Collected data Start Marker
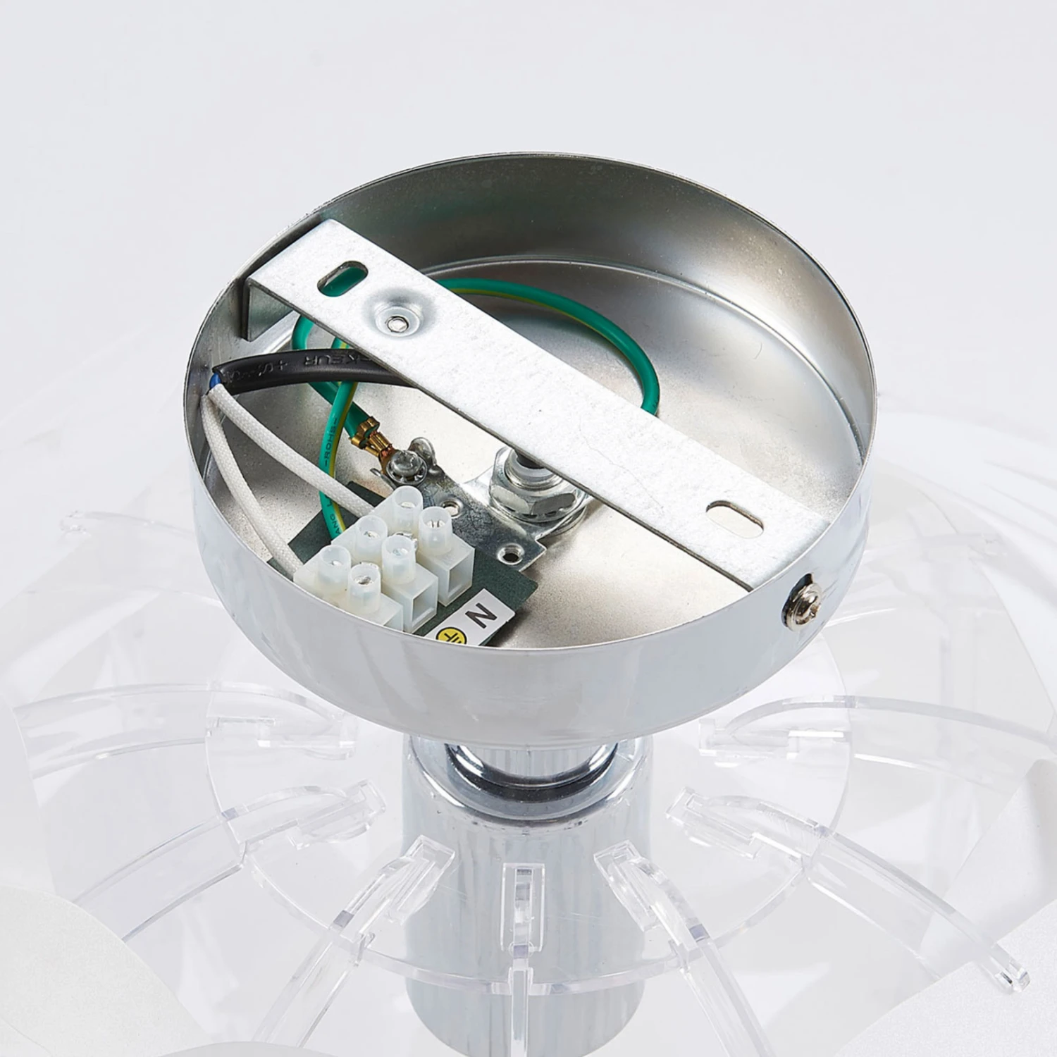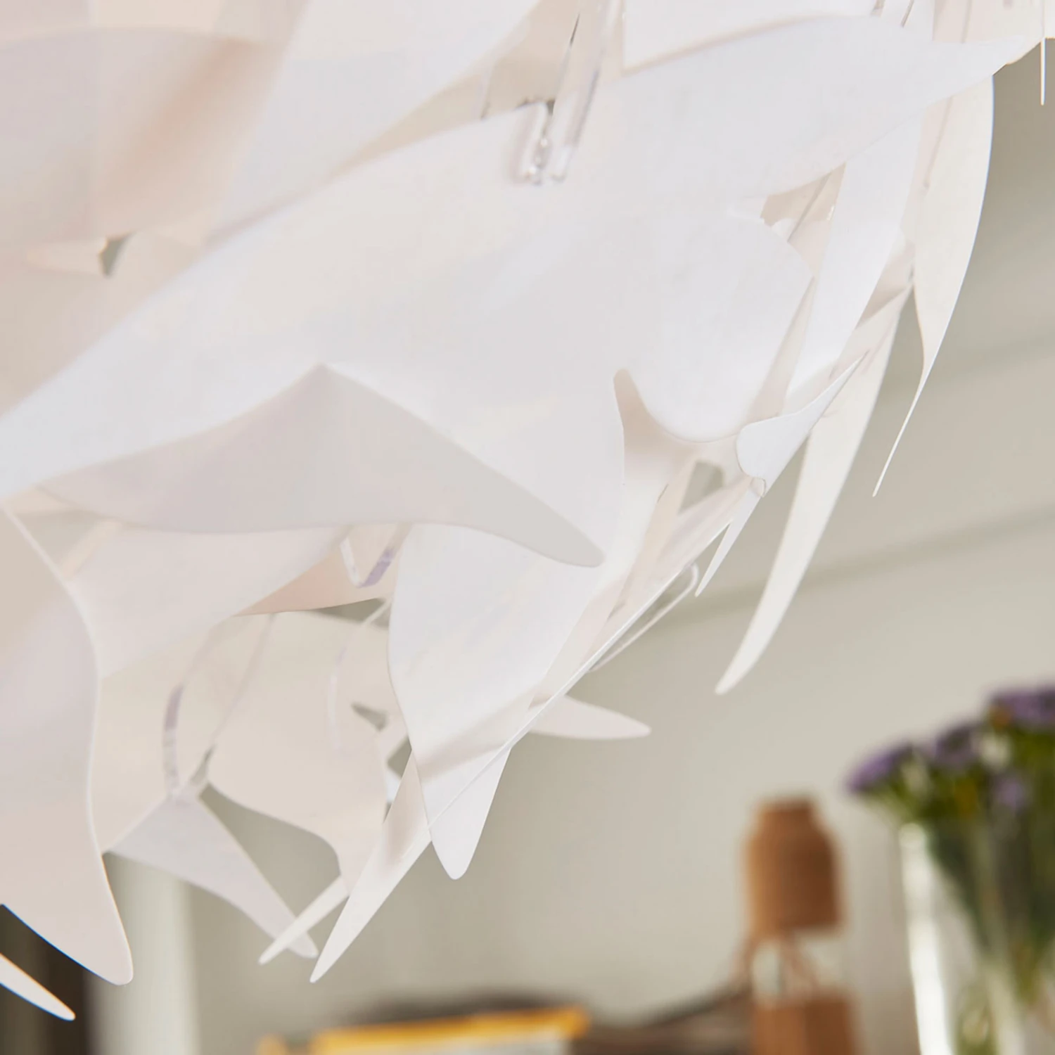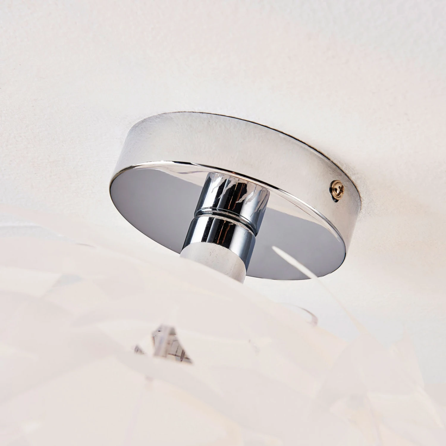 Corin ist eine Deckenleuchte die gut zu Stilen passt, die mit Jungem Wohnen umschrieben werden können oder von skandinavischer Eleganz und Schlichtheit geprägt sind. Der kugelförmige Schirm setzt sich aus vielen einzelnen Bestandteilen zusammen, die wie Blätter aussehen und gemeinsam eine unterschiedliche Lichtdurchlässigkeit ergeben, weil einzelne Elemente sich auch schon einmal überlappen. Es entsteht mit der weißen Oberfläche ein besonders gemütliches Licht, das man mit der Wahl eines warmweißen Leuchtmittels richtig in Szene setzen kann. Die Deckenleuchte passt gleichermaßen gut zu Flur, Schlafzimmer und Wohnbereich.
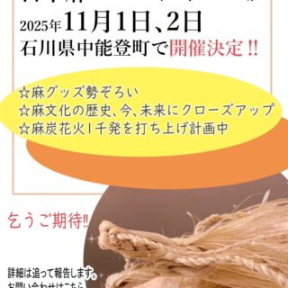 ちょっと先の話ですが・・・、麻フェスティバルです。こちらは私も、麻仲間も参加するので、現地で会いましょう。麻炭の花火が楽しみな感じです。
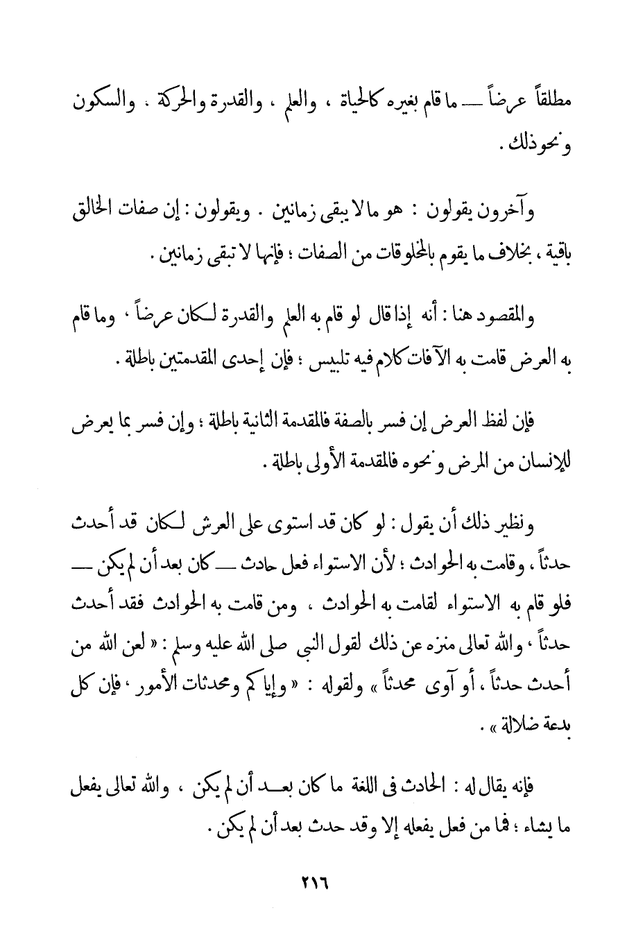مُطْلَقًا عَرَضًا - مَا قَامَ بِغَيْرِهِ كَالْحَيَاةِ وَالْعِلْمِ وَالْقُدْرَةِ وَالْحَرَكَةِ. وَالسُّكُونِ وَنَحْوِ ذَلِكَ. وَآخَرُونَ يَقُولُونَ: هُوَ مَا لَا يَبْقَى زَمَانَيْنِ. وَيَقُولُونَ: إنَّ صِفَاتِ الْخَالِقِ بَاقِيَةٌ بِخِلَافِ مَا يَقُومُ بِالْمَخْلُوقَاتِ مِنْ الصِّفَاتِ؛ فَإِنَّهَا لَا تَبْقَى زَمَانَيْنِ. وَالْمَقْصُودُ هُنَا: أَنَّهُ إذَا قَالَ لَوْ قَامَ بِهِ الْعِلْمُ وَالْقُدْرَةُ لَكَانَ عَرَضًا وَمَا قَامَ بِهِ الْعَرَضُ قَامَتْ بِهِ الْآفَاتُ كَلَامٌ فِيهِ تَلْبِيسٌ؛ فَإِنَّ إحْدَى الْمُقَدِّمَتَيْنِ بَاطِلَةٌ. فَإِنَّ لَفْظَ الْعَرَضِ إنْ فُسِّرَ بِالصِّفَةِ فَالْمُقَدِّمَةُ الثَّانِيَةُ بَاطِلَةٌ؛ وَإِنْ فُسِّرَ بِمَا يَعْرِضُ لِلْإِنْسَانِ مِنْ الْمَرَضِ وَنَحْوِهِ فَالْمُقَدِّمَةُ الْأُولَى بَاطِلَةٌ. وَنَظِيرُ ذَلِكَ أَنْ يَقُولَ: لَوْ كَانَ قَدْ اسْتَوَى عَلَى الْعَرْشِ لَكَانَ قَدْ أَحْدَثَ حَدَثًا وَقَامَتْ بِهِ الْحَوَادِثُ؛ لِأَنَّ الِاسْتِوَاءَ فِعْلٌ حَادِثٌ - كَانَ بَعْدَ أَنْ لَمْ يَكُنْ - فَلَوْ قَامَ بِهِ الِاسْتِوَاءُ لَقَامَتْ بِهِ الْحَوَادِثُ وَمَنْ قَامَتْ بِهِ الْحَوَادِثُ فَقَدْ أَحْدَثَ حَدَثًا وَاَللَّهُ تَعَالَى مُنَزَّهٌ عَنْ ذَلِكَ لِقَوْلِ النَّبِيِّ صَلَّى اللَّهُ عَلَيْهِ وَسَلَّمَ {لَعَنَ اللَّهُ مَنْ أَحْدَثَ حَدَثًا أَوْ آوَى مُحْدِثًا} وَلِقَوْلِهِ: {وَإِيَّاكُمْ وَمُحْدَثَاتِ الْأُمُورِ فَإِنَّ كُلَّ بِدْعَةٍ ضَلَالَةٌ} . فَإِنَّهُ يُقَالُ لَهُ: الْحَادِثُ فِي اللُّغَةِ مَا كَانَ بَعْدَ أَنْ لَمْ يَكُنْ وَاَللَّهُ تَعَالَى يَفْعَلُ مَا يَشَاءُ؛ فَمَا مِنْ فِعْلٍ يَفْعَلُهُ إلَّا وَقَدْ حَدَثَ بَعْدَ أَنْ لَمْ يَكُنْ.
Collected data End Marker
### What to produce
Leave the pictures out and print the whole listing precisely.

### Worked solution
 Corin ist eine Deckenleuchte die gut zu Stilen passt, die mit Jungem Wohnen umschrieben werden können oder von skandinavischer Eleganz und Schlichtheit geprägt sind. Der kugelförmige Schirm setzt sich aus vielen einzelnen Bestandteilen zusammen, die wie Blätter aussehen und gemeinsam eine unterschiedliche Lichtdurchlässigkeit ergeben, weil einzelne Elemente sich auch schon einmal überlappen. Es entsteht mit der weißen Oberfläche ein besonders gemütliches Licht, das man mit der Wahl eines warmweißen Leuchtmittels richtig in Szene setzen kann. Die Deckenleuchte passt gleichermaßen gut zu Flur, Schlafzimmer und Wohnbereich.
 ちょっと先の話ですが・・・、麻フェスティバルです。こちらは私も、麻仲間も参加するので、現地で会いましょう。麻炭の花火が楽しみな感じです。
مُطْلَقًا عَرَضًا - مَا قَامَ بِغَيْرِهِ كَالْحَيَاةِ وَالْعِلْمِ وَالْقُدْرَةِ وَالْحَرَكَةِ. وَالسُّكُونِ وَنَحْوِ ذَلِكَ. وَآخَرُونَ يَقُولُونَ: هُوَ مَا لَا يَبْقَى زَمَانَيْنِ. وَيَقُولُونَ: إنَّ صِفَاتِ الْخَالِقِ بَاقِيَةٌ بِخِلَافِ مَا يَقُومُ بِالْمَخْلُوقَاتِ مِنْ الصِّفَاتِ؛ فَإِنَّهَا لَا تَبْقَى زَمَانَيْنِ. وَالْمَقْصُودُ هُنَا: أَنَّهُ إذَا قَالَ لَوْ قَامَ بِهِ الْعِلْمُ وَالْقُدْرَةُ لَكَانَ عَرَضًا وَمَا قَامَ بِهِ الْعَرَضُ قَامَتْ بِهِ الْآفَاتُ كَلَامٌ فِيهِ تَلْبِيسٌ؛ فَإِنَّ إحْدَى الْمُقَدِّمَتَيْنِ بَاطِلَةٌ. فَإِنَّ لَفْظَ الْعَرَضِ إنْ فُسِّرَ بِالصِّفَةِ فَالْمُقَدِّمَةُ الثَّانِيَةُ بَاطِلَةٌ؛ وَإِنْ فُسِّرَ بِمَا يَعْرِضُ لِلْإِنْسَانِ مِنْ الْمَرَضِ وَنَحْوِهِ فَالْمُقَدِّمَةُ الْأُولَى بَاطِلَةٌ. وَنَظِيرُ ذَلِكَ أَنْ يَقُولَ: لَوْ كَانَ قَدْ اسْتَوَى عَلَى الْعَرْشِ لَكَانَ قَدْ أَحْدَثَ حَدَثًا وَقَامَتْ بِهِ الْحَوَادِثُ؛ لِأَنَّ الِاسْتِوَاءَ فِعْلٌ حَادِثٌ - كَانَ بَعْدَ أَنْ لَمْ يَكُنْ - فَلَوْ قَامَ بِهِ الِاسْتِوَاءُ لَقَامَتْ بِهِ الْحَوَادِثُ وَمَنْ قَامَتْ بِهِ الْحَوَادِثُ فَقَدْ أَحْدَثَ حَدَثًا وَاَللَّهُ تَعَالَى مُنَزَّهٌ عَنْ ذَلِكَ لِقَوْلِ النَّبِيِّ صَلَّى اللَّهُ عَلَيْهِ وَسَلَّمَ {لَعَنَ اللَّهُ مَنْ أَحْدَثَ حَدَثًا أَوْ آوَى مُحْدِثًا} وَلِقَوْلِهِ: {وَإِيَّاكُمْ وَمُحْدَثَاتِ الْأُمُورِ فَإِنَّ كُلَّ بِدْعَةٍ ضَلَالَةٌ} . فَإِنَّهُ يُقَالُ لَهُ: الْحَادِثُ فِي اللُّغَةِ مَا كَانَ بَعْدَ أَنْ لَمْ يَكُنْ وَاَللَّهُ تَعَالَى يَفْعَلُ مَا يَشَاءُ؛ فَمَا مِنْ فِعْلٍ يَفْعَلُهُ إلَّا وَقَدْ حَدَثَ بَعْدَ أَنْ لَمْ يَكُنْ.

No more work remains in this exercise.